Please see the original: http://www.ucai.cn/blogdetail/7033?mid=1&f=5
Be able to perform the viewing effect online Oh!
Today, this class is divided into three big points, as the title points out, is to discuss the nature of the data, concepts and application practices. The 1th essence of the discussion is to stand at a higher altitude to analyze the production of the data and various usage scenarios, and then make a summary of the data-related storage methods. And the concept, is a chuanjiang, mainly placed in the relational database, because we June public class, will also be based on relational database.

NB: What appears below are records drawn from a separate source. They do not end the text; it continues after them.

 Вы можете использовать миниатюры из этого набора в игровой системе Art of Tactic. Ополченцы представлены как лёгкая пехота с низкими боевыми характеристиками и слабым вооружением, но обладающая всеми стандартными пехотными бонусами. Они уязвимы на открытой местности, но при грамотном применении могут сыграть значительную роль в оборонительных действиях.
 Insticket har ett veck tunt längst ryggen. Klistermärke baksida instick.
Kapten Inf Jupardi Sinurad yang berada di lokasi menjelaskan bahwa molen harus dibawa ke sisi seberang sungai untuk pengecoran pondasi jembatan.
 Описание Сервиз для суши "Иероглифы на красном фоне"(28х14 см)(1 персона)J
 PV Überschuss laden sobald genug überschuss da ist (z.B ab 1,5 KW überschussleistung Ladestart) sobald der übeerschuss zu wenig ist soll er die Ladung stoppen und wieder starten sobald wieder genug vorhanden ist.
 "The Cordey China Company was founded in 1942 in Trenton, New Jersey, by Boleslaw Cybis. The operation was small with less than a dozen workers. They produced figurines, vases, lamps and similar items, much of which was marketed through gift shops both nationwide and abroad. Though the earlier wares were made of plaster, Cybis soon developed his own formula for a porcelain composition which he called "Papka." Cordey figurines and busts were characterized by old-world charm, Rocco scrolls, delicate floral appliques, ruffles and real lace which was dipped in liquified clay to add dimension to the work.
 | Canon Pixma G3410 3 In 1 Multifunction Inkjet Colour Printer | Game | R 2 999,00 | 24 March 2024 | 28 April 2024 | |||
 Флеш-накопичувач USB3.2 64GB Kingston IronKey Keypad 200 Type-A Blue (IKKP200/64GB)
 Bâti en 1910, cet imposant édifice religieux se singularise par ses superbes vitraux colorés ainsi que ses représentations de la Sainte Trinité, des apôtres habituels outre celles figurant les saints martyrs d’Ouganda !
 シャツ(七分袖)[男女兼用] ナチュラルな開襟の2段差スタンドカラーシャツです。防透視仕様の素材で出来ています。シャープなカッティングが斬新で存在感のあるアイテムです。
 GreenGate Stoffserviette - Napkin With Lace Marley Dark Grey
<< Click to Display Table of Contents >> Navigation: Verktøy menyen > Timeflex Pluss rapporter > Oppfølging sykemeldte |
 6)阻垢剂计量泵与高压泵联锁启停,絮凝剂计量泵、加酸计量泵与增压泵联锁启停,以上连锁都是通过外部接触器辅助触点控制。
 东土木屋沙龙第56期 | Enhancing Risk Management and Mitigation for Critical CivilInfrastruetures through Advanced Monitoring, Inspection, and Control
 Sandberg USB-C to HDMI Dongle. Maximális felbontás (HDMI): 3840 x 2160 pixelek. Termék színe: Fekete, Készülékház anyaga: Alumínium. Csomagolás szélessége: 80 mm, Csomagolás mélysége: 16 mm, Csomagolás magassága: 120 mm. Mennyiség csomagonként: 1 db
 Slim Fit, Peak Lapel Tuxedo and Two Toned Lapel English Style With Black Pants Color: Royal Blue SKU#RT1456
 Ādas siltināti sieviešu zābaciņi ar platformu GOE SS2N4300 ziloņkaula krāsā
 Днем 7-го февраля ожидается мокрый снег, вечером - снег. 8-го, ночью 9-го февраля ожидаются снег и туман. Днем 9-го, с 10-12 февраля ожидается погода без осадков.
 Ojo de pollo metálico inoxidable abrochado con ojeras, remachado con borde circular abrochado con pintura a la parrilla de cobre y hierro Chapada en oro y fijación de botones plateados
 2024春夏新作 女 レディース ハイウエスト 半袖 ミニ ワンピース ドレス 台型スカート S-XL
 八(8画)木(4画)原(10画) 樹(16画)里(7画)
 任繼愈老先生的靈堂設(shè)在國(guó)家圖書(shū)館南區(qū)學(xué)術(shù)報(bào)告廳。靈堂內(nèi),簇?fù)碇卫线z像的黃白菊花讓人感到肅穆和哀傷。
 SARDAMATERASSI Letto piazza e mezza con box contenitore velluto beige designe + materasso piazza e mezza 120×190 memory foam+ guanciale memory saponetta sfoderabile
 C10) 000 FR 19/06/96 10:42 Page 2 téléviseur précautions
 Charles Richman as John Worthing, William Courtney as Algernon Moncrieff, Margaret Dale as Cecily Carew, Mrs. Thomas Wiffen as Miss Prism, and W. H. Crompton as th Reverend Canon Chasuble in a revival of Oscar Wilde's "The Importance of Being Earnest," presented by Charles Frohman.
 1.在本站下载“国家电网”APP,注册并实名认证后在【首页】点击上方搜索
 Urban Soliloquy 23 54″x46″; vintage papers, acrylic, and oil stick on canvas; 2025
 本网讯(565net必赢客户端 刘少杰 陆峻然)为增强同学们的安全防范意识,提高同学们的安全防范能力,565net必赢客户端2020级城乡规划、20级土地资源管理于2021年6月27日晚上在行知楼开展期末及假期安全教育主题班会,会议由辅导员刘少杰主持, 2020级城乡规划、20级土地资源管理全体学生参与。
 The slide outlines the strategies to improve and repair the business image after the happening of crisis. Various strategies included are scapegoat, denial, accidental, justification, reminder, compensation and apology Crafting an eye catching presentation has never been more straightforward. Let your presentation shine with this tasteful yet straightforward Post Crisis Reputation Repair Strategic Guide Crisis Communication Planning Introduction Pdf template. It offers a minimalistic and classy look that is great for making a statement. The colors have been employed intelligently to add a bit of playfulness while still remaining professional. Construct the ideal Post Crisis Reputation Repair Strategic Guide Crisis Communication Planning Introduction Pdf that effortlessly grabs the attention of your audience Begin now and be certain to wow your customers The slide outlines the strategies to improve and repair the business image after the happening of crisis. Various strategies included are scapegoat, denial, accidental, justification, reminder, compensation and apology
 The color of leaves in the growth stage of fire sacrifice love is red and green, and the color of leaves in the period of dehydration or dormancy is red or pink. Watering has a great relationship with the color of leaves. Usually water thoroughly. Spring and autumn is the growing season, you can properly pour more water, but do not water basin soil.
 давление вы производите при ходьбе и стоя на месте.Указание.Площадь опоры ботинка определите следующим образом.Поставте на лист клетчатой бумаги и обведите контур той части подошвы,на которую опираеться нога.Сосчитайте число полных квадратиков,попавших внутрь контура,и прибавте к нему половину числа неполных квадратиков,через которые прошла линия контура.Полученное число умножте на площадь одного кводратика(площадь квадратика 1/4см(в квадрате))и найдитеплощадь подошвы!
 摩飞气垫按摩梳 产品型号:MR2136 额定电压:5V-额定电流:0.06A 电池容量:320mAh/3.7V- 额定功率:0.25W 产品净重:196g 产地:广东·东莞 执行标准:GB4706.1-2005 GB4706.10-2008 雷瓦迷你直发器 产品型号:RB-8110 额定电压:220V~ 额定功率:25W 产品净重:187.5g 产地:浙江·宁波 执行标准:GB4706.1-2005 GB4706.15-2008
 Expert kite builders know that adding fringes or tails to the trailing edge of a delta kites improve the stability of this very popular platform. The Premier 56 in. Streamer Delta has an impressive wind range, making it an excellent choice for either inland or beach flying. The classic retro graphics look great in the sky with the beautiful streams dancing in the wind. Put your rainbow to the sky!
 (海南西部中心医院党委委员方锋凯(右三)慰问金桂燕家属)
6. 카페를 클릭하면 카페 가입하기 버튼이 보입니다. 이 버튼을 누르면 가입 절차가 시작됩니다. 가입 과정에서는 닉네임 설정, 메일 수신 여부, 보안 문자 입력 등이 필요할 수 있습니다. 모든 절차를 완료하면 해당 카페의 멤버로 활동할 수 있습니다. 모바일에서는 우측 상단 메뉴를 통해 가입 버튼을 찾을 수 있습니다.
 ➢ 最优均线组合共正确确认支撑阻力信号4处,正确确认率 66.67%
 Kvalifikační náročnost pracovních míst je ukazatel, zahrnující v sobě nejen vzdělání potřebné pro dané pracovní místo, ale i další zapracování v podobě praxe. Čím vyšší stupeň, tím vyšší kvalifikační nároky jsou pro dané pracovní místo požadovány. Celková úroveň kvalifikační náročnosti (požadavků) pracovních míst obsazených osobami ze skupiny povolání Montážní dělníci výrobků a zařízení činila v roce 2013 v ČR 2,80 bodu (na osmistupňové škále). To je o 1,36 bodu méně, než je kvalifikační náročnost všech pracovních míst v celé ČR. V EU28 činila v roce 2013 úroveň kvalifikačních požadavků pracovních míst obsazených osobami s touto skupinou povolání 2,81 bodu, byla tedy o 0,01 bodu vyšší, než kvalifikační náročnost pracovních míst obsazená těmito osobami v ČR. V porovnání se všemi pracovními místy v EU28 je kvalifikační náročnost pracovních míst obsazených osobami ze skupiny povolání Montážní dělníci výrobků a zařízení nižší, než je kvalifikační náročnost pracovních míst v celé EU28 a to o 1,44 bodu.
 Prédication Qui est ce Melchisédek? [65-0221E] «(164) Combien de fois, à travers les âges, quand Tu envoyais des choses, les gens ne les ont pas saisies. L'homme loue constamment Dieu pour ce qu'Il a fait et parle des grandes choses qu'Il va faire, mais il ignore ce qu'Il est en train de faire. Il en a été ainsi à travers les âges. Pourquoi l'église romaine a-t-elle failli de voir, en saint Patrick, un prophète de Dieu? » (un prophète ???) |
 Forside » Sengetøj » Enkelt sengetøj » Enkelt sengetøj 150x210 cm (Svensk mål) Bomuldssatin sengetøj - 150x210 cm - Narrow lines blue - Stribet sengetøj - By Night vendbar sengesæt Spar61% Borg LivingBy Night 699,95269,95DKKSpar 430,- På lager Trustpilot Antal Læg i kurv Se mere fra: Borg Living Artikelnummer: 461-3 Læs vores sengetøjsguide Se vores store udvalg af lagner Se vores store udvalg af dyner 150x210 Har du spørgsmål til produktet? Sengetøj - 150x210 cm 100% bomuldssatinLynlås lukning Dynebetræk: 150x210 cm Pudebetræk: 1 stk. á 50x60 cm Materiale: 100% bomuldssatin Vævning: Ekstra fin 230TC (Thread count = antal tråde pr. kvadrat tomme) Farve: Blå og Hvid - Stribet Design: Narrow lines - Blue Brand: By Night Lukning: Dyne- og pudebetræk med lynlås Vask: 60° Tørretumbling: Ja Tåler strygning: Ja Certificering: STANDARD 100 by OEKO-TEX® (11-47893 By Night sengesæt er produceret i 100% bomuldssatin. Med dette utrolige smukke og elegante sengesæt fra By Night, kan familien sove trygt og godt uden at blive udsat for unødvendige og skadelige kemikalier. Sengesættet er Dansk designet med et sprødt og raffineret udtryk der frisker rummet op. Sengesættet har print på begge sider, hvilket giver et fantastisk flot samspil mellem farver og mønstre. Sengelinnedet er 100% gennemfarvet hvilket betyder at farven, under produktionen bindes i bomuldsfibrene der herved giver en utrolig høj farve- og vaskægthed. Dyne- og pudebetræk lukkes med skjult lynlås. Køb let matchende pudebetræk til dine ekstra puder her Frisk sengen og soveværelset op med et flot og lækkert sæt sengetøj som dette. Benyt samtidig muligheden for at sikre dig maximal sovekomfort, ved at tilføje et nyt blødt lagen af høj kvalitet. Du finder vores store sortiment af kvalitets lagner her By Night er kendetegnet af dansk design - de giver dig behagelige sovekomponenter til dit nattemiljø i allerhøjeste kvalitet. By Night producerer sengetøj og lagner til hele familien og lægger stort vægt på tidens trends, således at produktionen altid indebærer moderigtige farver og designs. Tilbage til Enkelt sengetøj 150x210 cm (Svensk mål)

The 3rd is to consolidate the contents of the previous two points through some examples.
First, the origin and nature of the emergence of the database
1.1 Origin of the database
Imagine our computer, there are folders, there are files, the size of the file, there is a location, there is a format, this is the beginning of the file system has this concept, there must be a place, stored the parameters of these files or metadata, and in our daily life, each object and person, has its own different characteristics, When a batch of these descriptive people's characteristics, want to data storage, also need to have a format to save. In addition to saving data, we have to manage the data. This is the background of the database, and as the use of the scene is increasingly complex, the database itself has many other derived version numbers.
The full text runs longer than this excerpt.